While GRAFT has essentially remained unchanged in principle even during its single factor days as RAFT, and since I want to keep it’s simplicity, there does come along certain events that make me think about spinning off a hybrid system that can deal with particular instances. That’s right, I’m looking at Geelong bullying away in their last two home-and-away games, stealing top spot in the GRAFT ratings, and then punking out in the Elimination final.

Looking at the ladder it’s easy to figure out what happened – Geelong only got 13 wins, in the 18 team era just sufficient to be considered fringe finalists (as they were) but they did so with a fairly healthy percentage of 131%. That marks a pythagorean anomaly (a what?) of -3 wins. Not as high as Brisbane’s -3.8 (that is, Brisbane won 5 games but on percentage should have had 9 wins) but nevertheless.

On this point it draws attention to GRAFT’s main weakness in that it doesn’t pay any credence towards wins and losses – it only cares about scores, and when a team runs the score up, as Geelong did against Fremantle (by 133) and Gold Coast (by 102), what is the actual difference between thrashing a team by twenty goals instead of ten? Anyway. That will be part of my homework for the off-season – not really an off-season, as I am about to detail.

Offseason Training

As far as the AFL-specific work goes, while the Gamma probability model worked really well, there are computational issues with working out the margins likelihoods – and therefore the win probabilities). This is because the model being based on two curves for each team’s potential score, the equations for those are well-defined, the difference of the two curves, not so much. For each game, I have to run a brute-force run, so for instance to predict the likelihood of a team winning by 30 points, I have to sum the probability of 90-60, 91-61, 92-62, etc.

It works fine once it’s on the front end but it seems to me that I should be able to figure out an actual equation for the difference curve and refer directly to that for the margin probabilities, thereby saving the computer a lot of crank when I update the tables.
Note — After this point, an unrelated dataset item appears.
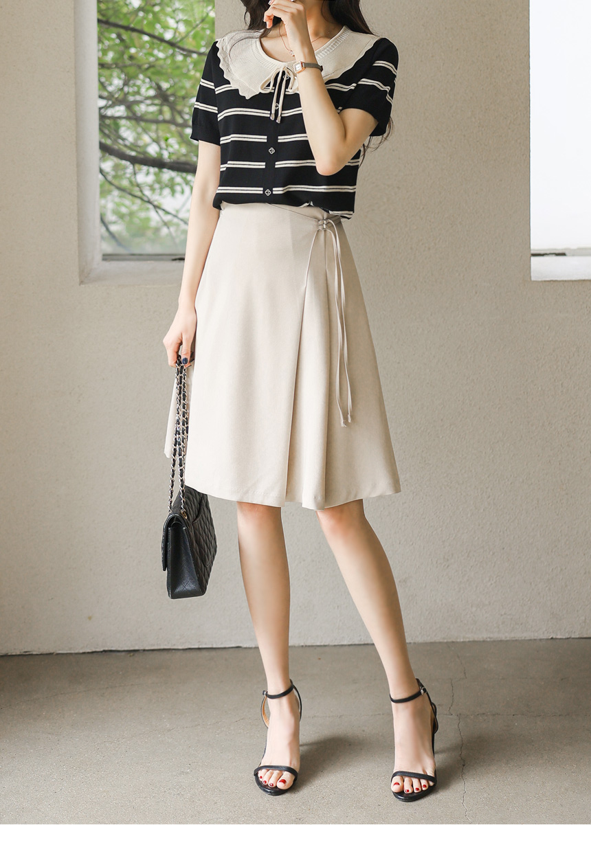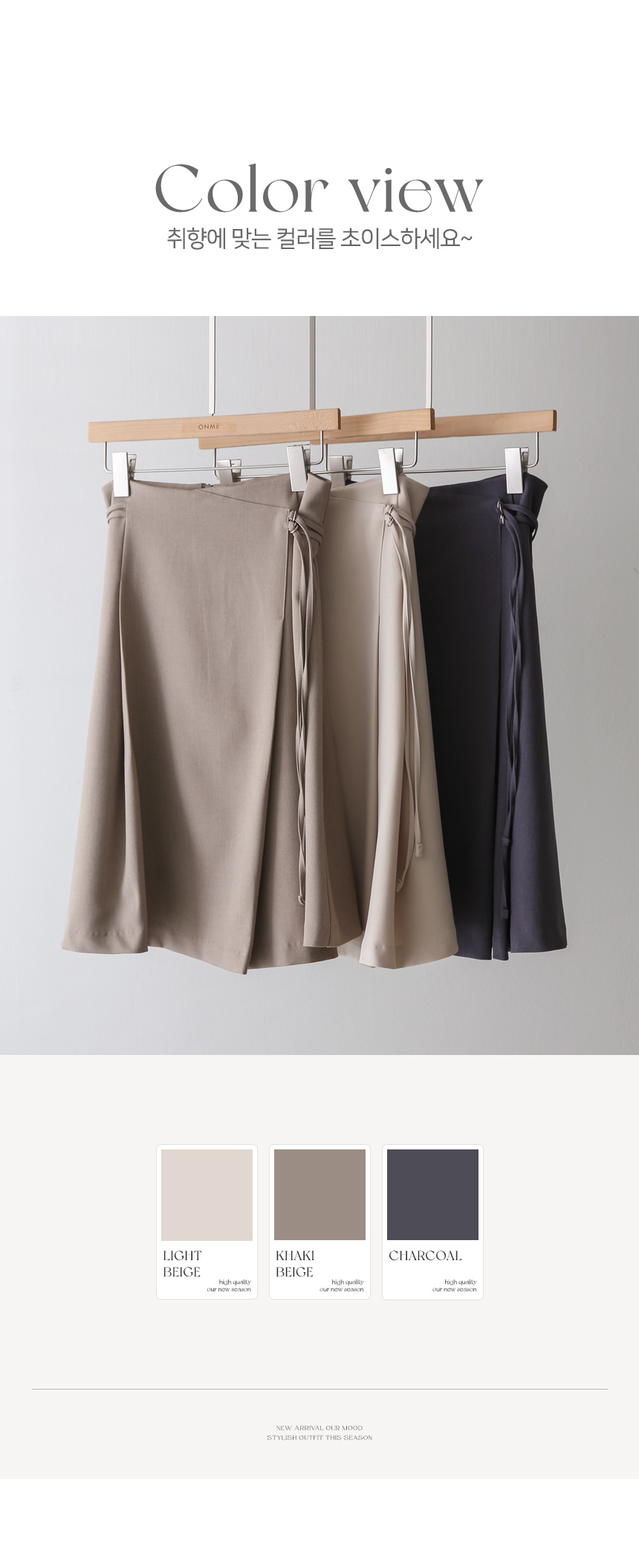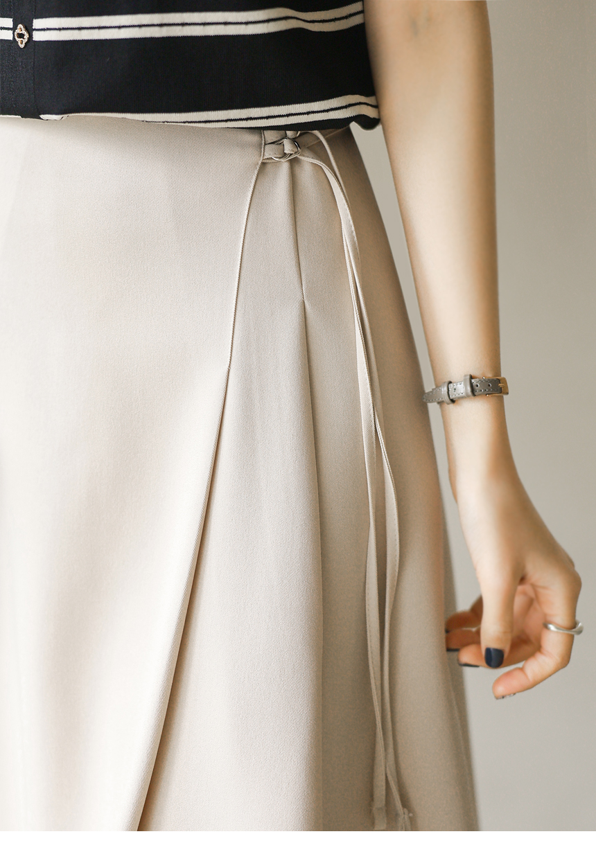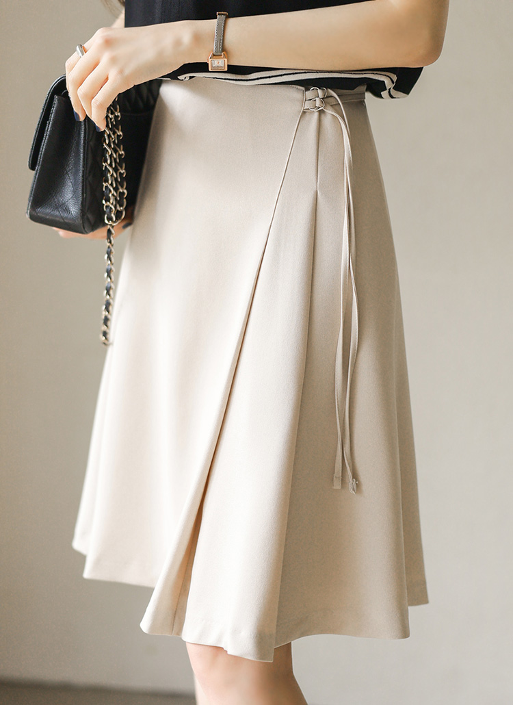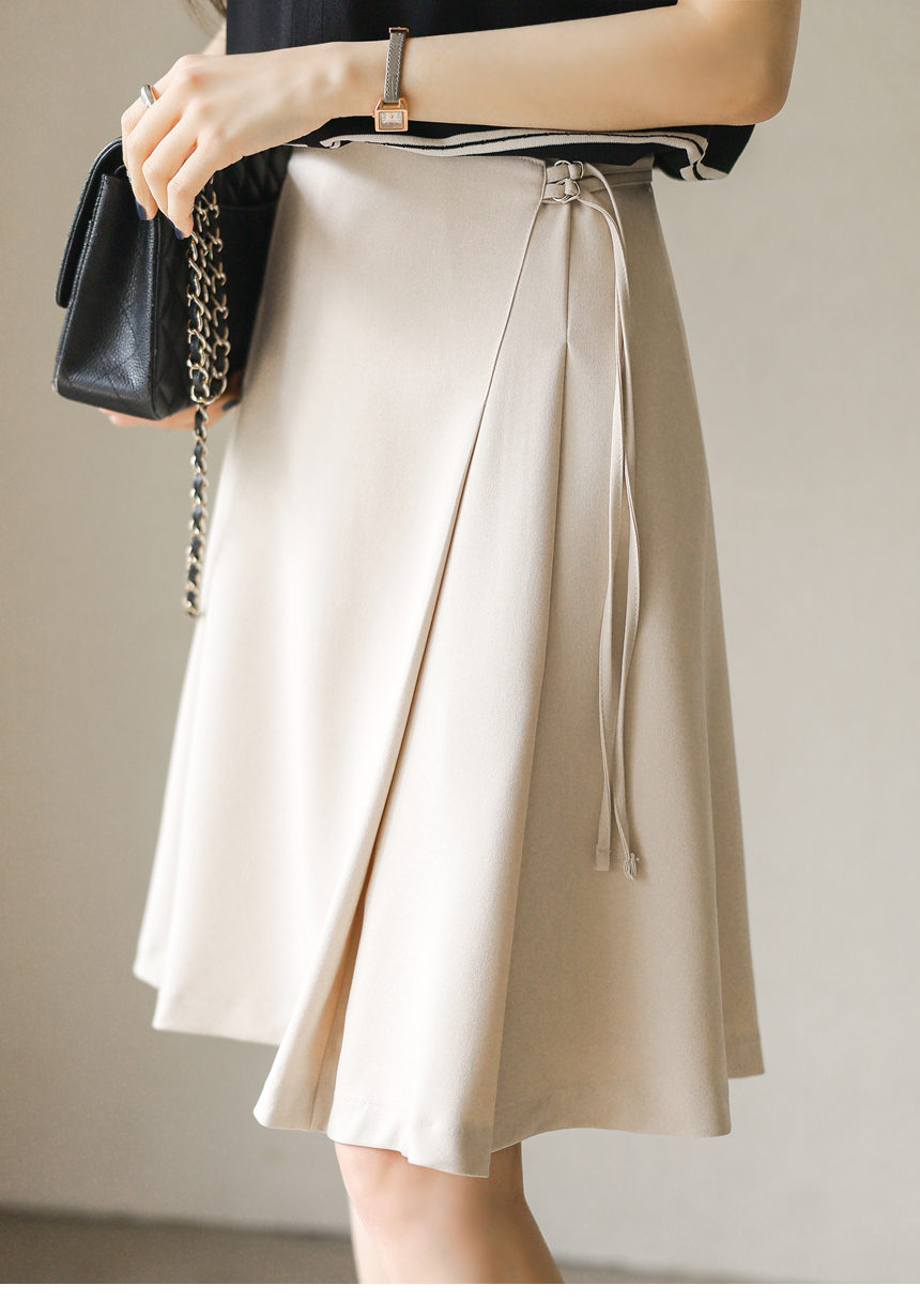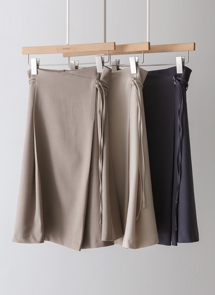 (55-77) A라인 플레어 랩 디자인 더블 벨티드 디테일 미디 스커트

So basically, getting out my old calculus and statistics texts and trying to relearn everything I didn’t pay sufficient attention to. (Or just getting Wolfram Alpha to do it, although I still have to figure out the principles first).

Along with all of that, showing the actual probability curves on the site is on the list of things to do – a lot of concepts have been completed as to how these will actually look, however I am not satisfied with how they look just yet, particularly as the risk of misinterpretation is real. The current match tables are basically a soup of numbers and I will do my usual overhaul of the website to try and make them more comprehensible.

Also, I don’t have any historical tables up here apart from the archives of the previous seasons’ sites, so this is also on the agenda. I do think it would be good to make that data available and have historical graphs and records so you can compare clubs across seasons. We’ll see how that goes. I am thinking that I will probably use 1987 as the starting point for the public tables as this was when West Coast and Brisbane Bears entered the competition.

Meanwhile, there are also the summer sports to look at. I am in the second year of basic Elo tracking of the A-League and intend to do so for the W-League. I am cutting it fine as the season starts this week in the NBL, which might actually be a good place to start developing that hybrid system, although for now I am just going to stick with Elo tracking for that as well. Obviously the W-League and WNBL as well.

As far as the cricket goes, specifically the Big Bash League, this is something that could happen. I have a month or so to put something in place, which will have to include an analysis of previous results and all that, so it’s maybe a 50/50 chance at this point.

As this will necessarily involve further modularising of the code, so if that is in place, in the new year I can look at certain other competitions that have up to this point escaped notice. News on those further developments to come.